А между тем, разлилось масло из светильников и вторая часть храма начала гореть. Крики и вопли жриц раздавались со всех сторон. На помощь им прибежали жрецы, сцепившиеся с вторгшимися в их обитель богов. Эта масса людей перемешалась. Виднелись белые одежды жрецов и красные — святотатцев, нарушающих покой храма. Раздавались крики и стоны. Некоторые из жрецов вооружились факелами, бросая их в лицо своим врагам, чтобы покалечить. Некоторые взяли кинжалы, которые, конечно, не шли в сравнение с короткими мечами противников.

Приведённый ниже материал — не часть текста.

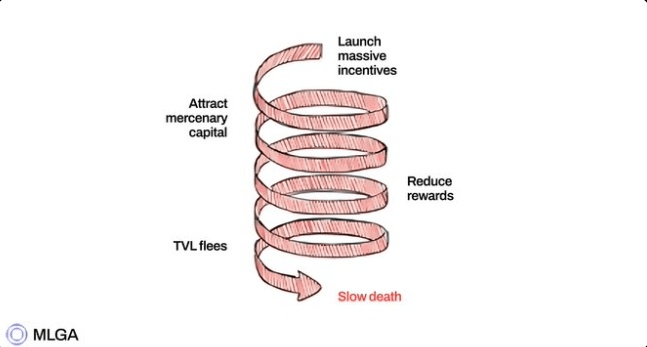 Lanzar incentivos masivos → Atraer capital mercenario → Reducir recompensas → TVL huye → Muerte lenta

Везде неслись стенания жриц, молившихся всем богам, но боги почему-то не слышали их, не смотря на все мольбы их служительниц. Кто-то свалил огромную статую Исиды и она с грохотом упала на толпу людей, придавив многих из них. От звука падающей статуи по храму словно прокатились раскаты грома, напоминая чудовищный смех богини, которая потешалась над ужасом несчастных бедняг, придавленных ее статуей. Люди разбегались в разные стороны, чтобы обломки статуи не задели их. Эта пестрая масса напоминала кучу суетящихся муравьев, спешащих, чтобы укрыться от дождя. Вокруг слышались мольбы и стоны умирающих. Жрецы и ворвавшиеся святотатцы смешались воедино, иногда свои попадали по своим же, можно было услышать слова проклятий, которые эти люди сулили богам. Один жрец нечаянно толкнул своего же жреца и тот, упав, скатился по ступенькам храма, наткнувшись на острый осколок чаши, жрец стал корчиться от боли, проклиная все на свете. Огонь тем временем перешел и на первую часть храма. Филлида закрыла глаза, покрепче прижимаясь к груди Сигурта. Они вышли во дворик.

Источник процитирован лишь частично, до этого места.